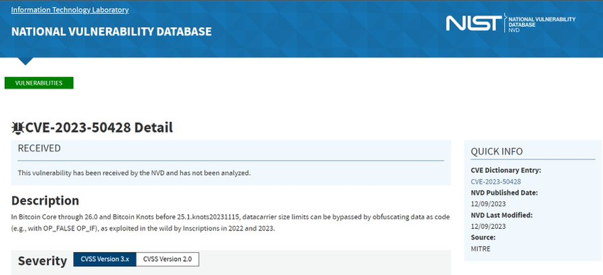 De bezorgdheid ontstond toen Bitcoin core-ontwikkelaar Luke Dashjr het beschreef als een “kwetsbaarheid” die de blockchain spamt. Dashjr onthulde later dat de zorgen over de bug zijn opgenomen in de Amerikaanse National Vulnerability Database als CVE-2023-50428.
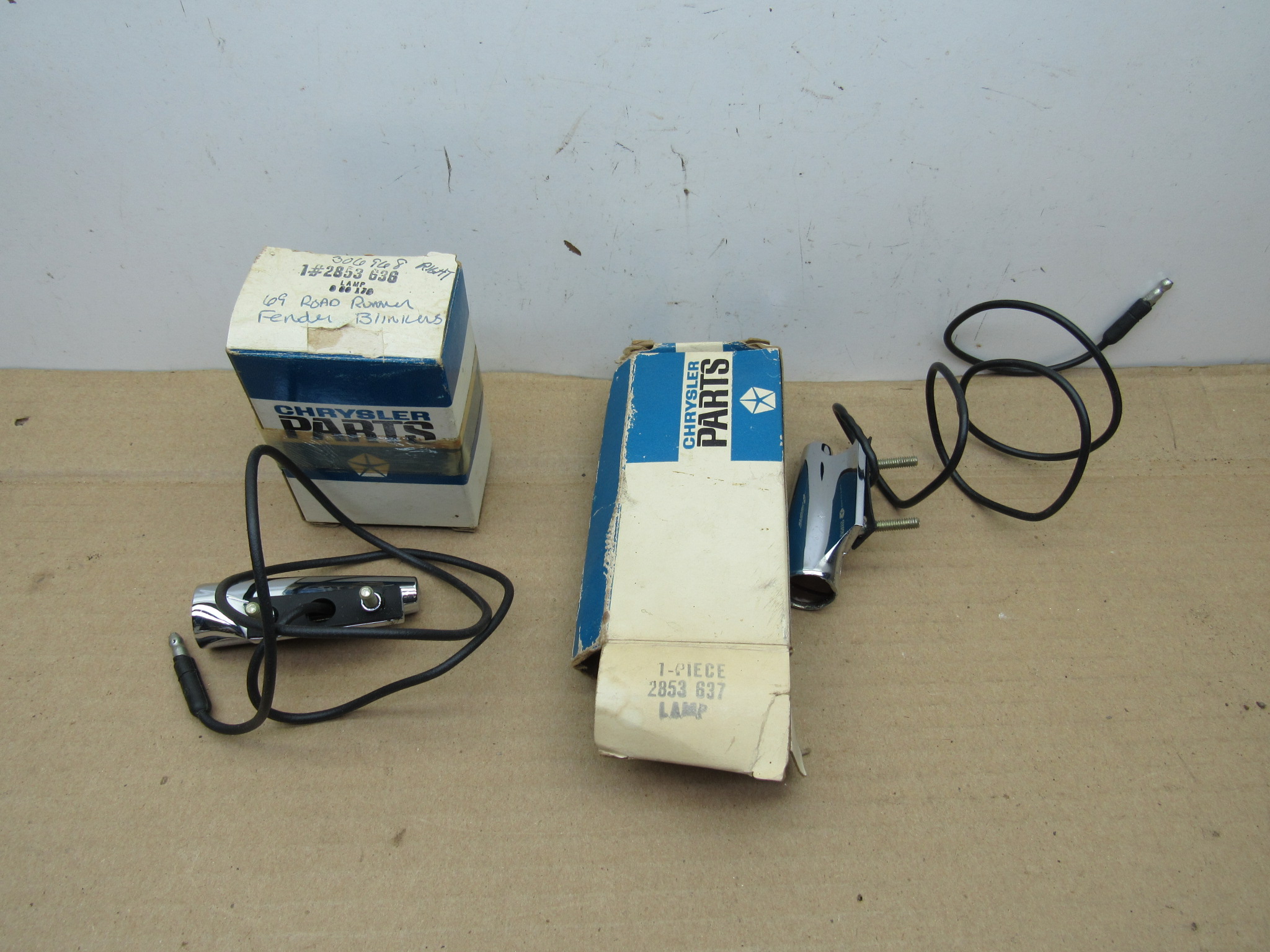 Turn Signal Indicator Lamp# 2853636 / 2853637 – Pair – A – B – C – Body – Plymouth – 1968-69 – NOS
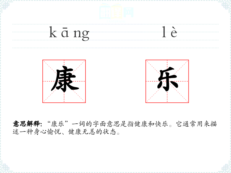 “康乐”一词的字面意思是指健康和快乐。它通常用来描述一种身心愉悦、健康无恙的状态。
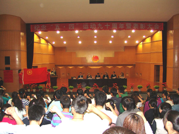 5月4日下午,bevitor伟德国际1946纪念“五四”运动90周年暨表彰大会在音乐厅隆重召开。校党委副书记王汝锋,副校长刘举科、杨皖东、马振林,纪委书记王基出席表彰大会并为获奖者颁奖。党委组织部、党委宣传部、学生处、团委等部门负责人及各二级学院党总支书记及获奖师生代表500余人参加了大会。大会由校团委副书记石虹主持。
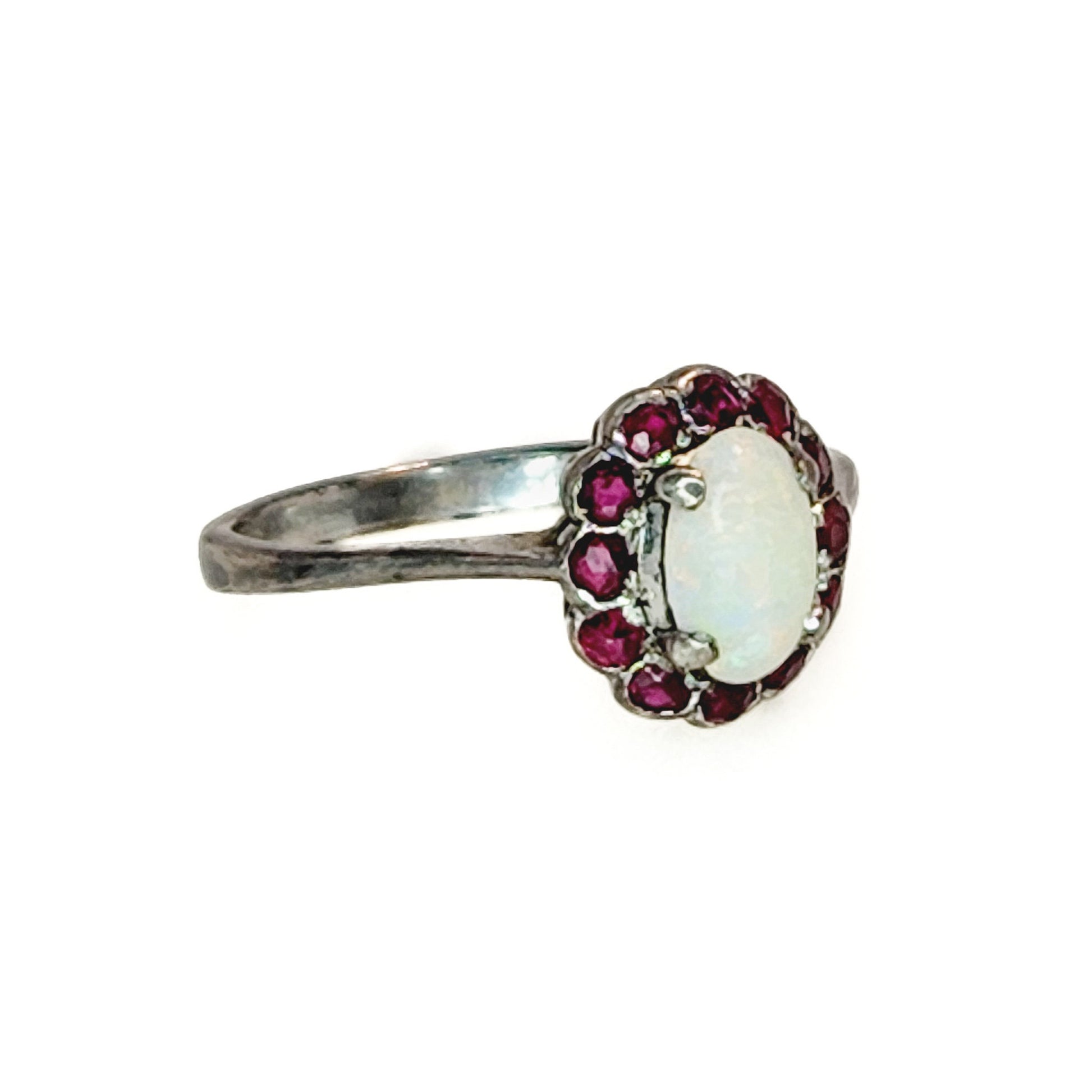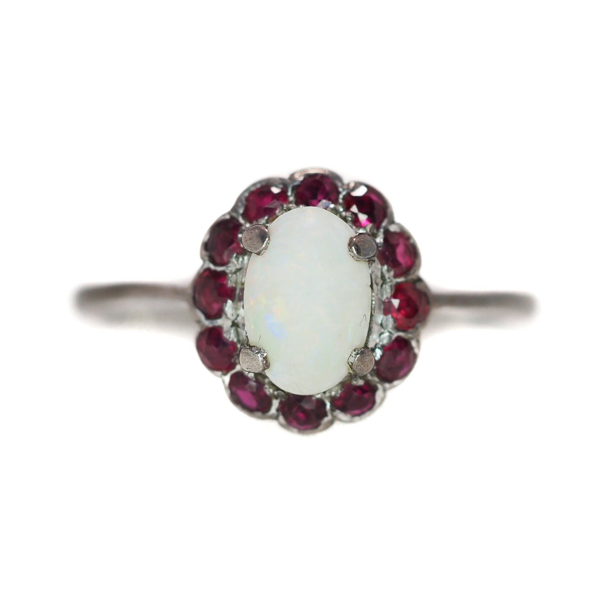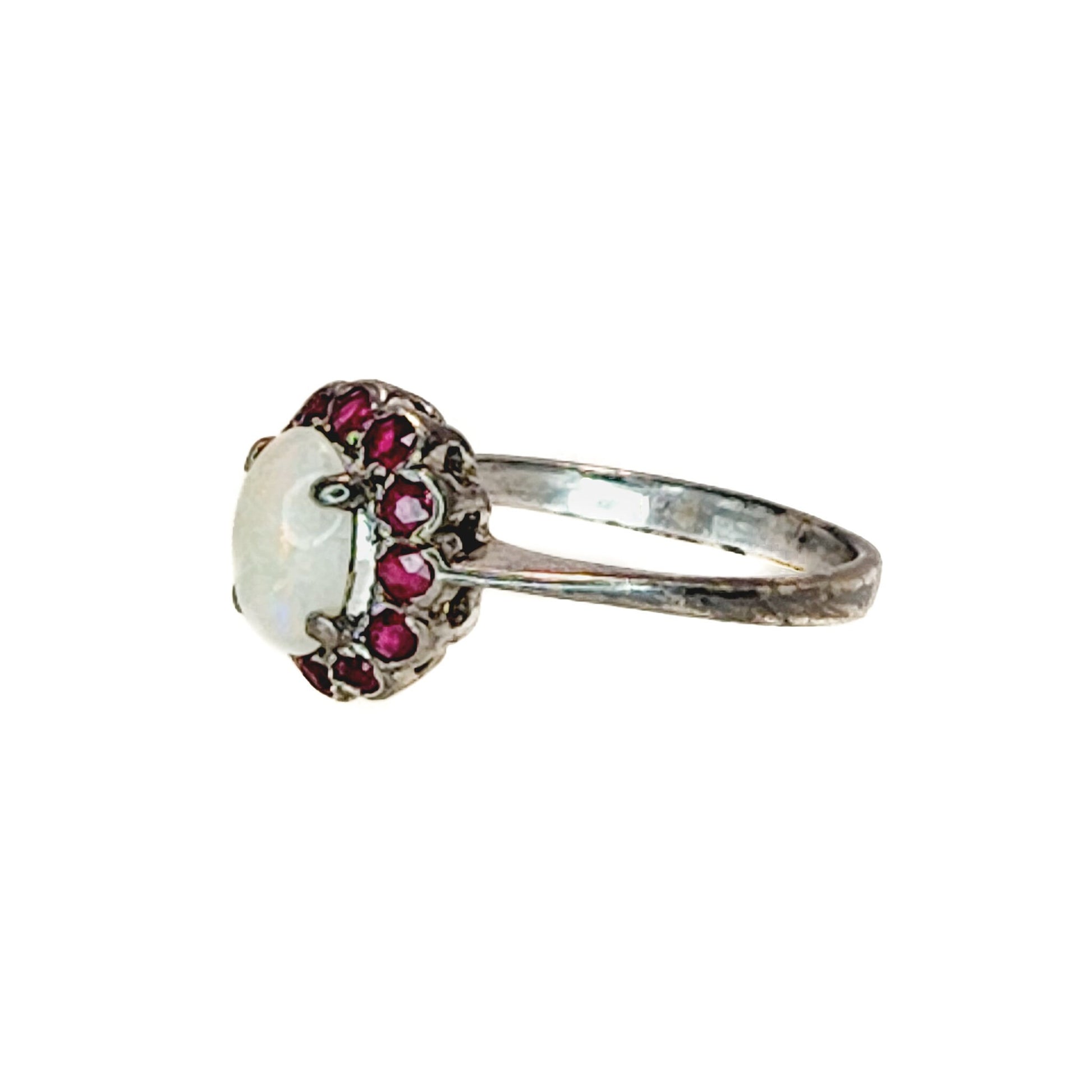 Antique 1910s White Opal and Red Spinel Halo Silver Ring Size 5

+ + +

▸ What is needed: From the line that contains "Turn Signal Indicator" to the final line of the entries, reproduce every line exactly, both ends included. Leave out all pictures.

▸ Answer section:
 Turn Signal Indicator Lamp# 2853636 / 2853637 – Pair – A – B – C – Body – Plymouth – 1968-69 – NOS
 “康乐”一词的字面意思是指健康和快乐。它通常用来描述一种身心愉悦、健康无恙的状态。
 5月4日下午,bevitor伟德国际1946纪念“五四”运动90周年暨表彰大会在音乐厅隆重召开。校党委副书记王汝锋,副校长刘举科、杨皖东、马振林,纪委书记王基出席表彰大会并为获奖者颁奖。党委组织部、党委宣传部、学生处、团委等部门负责人及各二级学院党总支书记及获奖师生代表500余人参加了大会。大会由校团委副书记石虹主持。
 Antique 1910s White Opal and Red Spinel Halo Silver Ring Size 5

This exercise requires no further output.